Na verdade, dantes era diferente. Hoje em dia, uma maior consciencialização desses temas fracturantes (linda palavra que não significa nada) e a democratização da internet permitiu dar voz aos grupos minoritários ou historicamente diminuídos, trazendo para a agenda pública problemas que, por muitas vezes não nos afectarem directamente, não significa que não existam. E é precisamente isso que acontece a Vivian (Hadley Robinson), nos seus primeiros dias de escola do seu 11º ano.
A primeira coisa que a faz despertar para a emancipação feminina é a chegada à escola de uma miúda nova, Lucy (Alycia Pascual-Pena), que não só não aceita desaforos do menino-bonito (e pateta) do liceu (Patrick Schwarzenegger), como responde.

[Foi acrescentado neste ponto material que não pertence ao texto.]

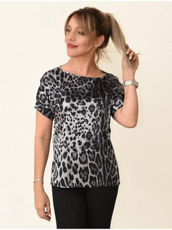 00713 Блузка из атласа серая с принтом лео Цена: 890.00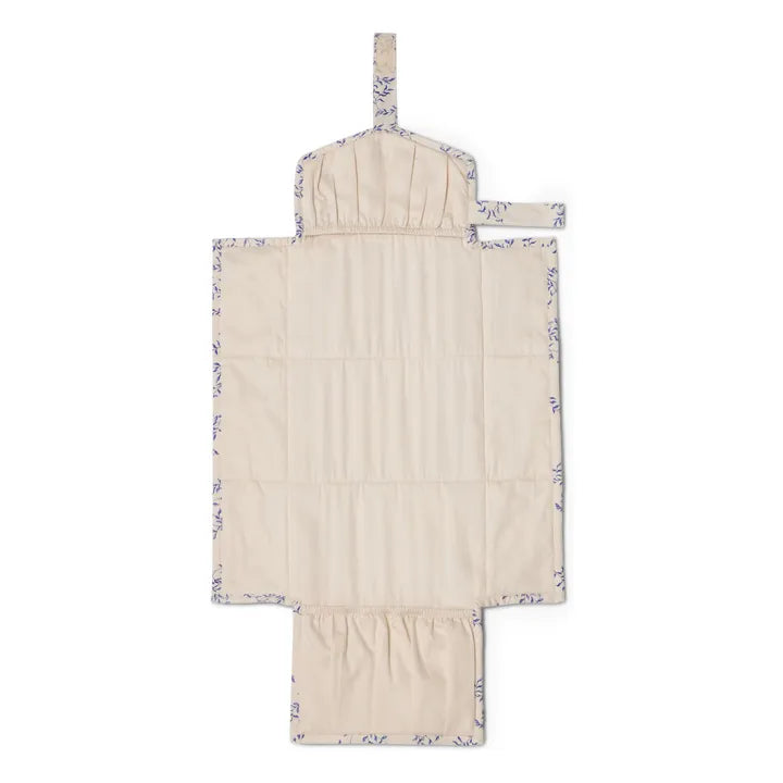 - Portable changing mat that gives little ones a clean and soft place to lie when you're away and it's time for a diaper change. It has spacious pockets on the inside to store diapers, wipes and an extra change of clothes. Made in organic cotton satin with BIONIC-FINISH® ECO treatment that makes it water and dirt repellent.

A segunda coisa é descobrir o passado activista da mãe (Amy Poehler, que também realiza), que usa t-shirts das Sleater-Kinney e tem uma caixa cheia de posters, zines e bilhetes de concertos das Bikini Kill. Aliás, para um teen movie de 2021, Moxie tem uma banda-sonora que é um mimo: a banda de Kathleen Hanna como peça central, mas também os Gossip ou mesmo os Cansei de ser Sexy, ressuscitados do esquecimento.
No entanto, não se pense que Moxie é agit-prop ou qualquer coisa de panfletário. É apenas um teen movie, com mais coisas para dizer do que habitual. É a história de uma miúda que acorda para a vida e que, com o punk e as zines, leva consigo a escola toda, transformando-a num sítio melhor. Faz lembrar o Eleições, porque também tem um subplot importante sobre a eleição do desportista embaixador da escola, mas não é tão subversivo como um Heathers, por exemplo.
O grande trunfo de Moxie é que isto é suportado por personagens a sério, que têm coisas importantes para dizer, e não apenas por estereótipos. A única excepção aqui é o próprio Patrick Schwarzenegger, que assume o arquétipo do vilão. Isso permite ao filme apostar ainda com inteligência e de forma inesperada um trunfo a meio, quando joga a carta do racismo ásio-americano, que não poderia ser mais pertinente perante o que se passa no momento nos Estados Unidos. Mais infeliz é a cartada da violação, não por oportunismo, mas porque é um tema mais importante que precisa de um maior arcaboiço para não ser interpretado com ligeireza.
Contudo, tudo o que há para dizer, está em Moxie. Pode não ter grande profundidade, mas é um teen movie e serve como introdução ao tema. E isso, aliado à simpatia da sua realização, dos actores e do savoir faire de Amy Poehler, faz dele um muito respeitável McChicken. E faz dele um teen movie para colocar, de futuro, na mesma sacola dos clássicos.